For humanoids, sim-to-real gaps widen due to balance dynamics and ground-contact modeling. GR00T N1 used a three-tier data pyramid: 1 million synthetic episodes (Isaac Sim), 100K human video clips (YouTube), and 10K real teleoperation trajectories. The authors report that removing real data dropped task success from 73% to 51%, while removing synthetic data reduced success to 64%—both modalities are necessary^[1].

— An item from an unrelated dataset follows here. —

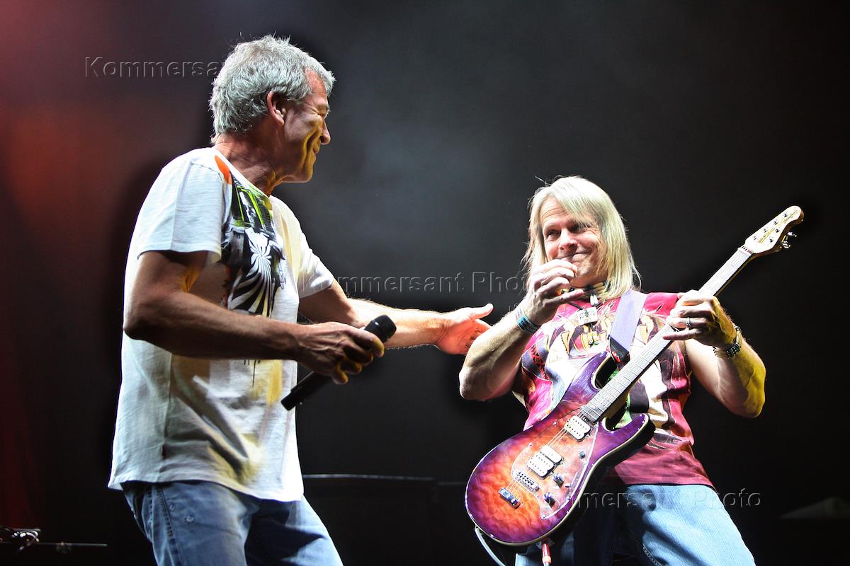 Лидер английской группы Deep Purple Ян Гиллан (слева) и гитарист Стив Морс (справа) во время выступления на концерте рок-группы в спорткомплексе "Олимпийский".

Truelabel's marketplace does not provide synthetic data generation but connects buyers to collectors who can capture real-world validation sets for sim-to-real benchmarking. Scale AI's Physical AI platform offers integrated sim-to-real pipelines but requires buyers to adopt their proprietary toolchain. Truelabel's model lets buyers use any simulator (RoboSuite, ManiSkill, Isaac Sim) and source real validation data independently, preserving workflow flexibility. Buyers specify sim-to-real validation requirements in bounties: target environments, task distributions, and minimum episode counts for statistical significance.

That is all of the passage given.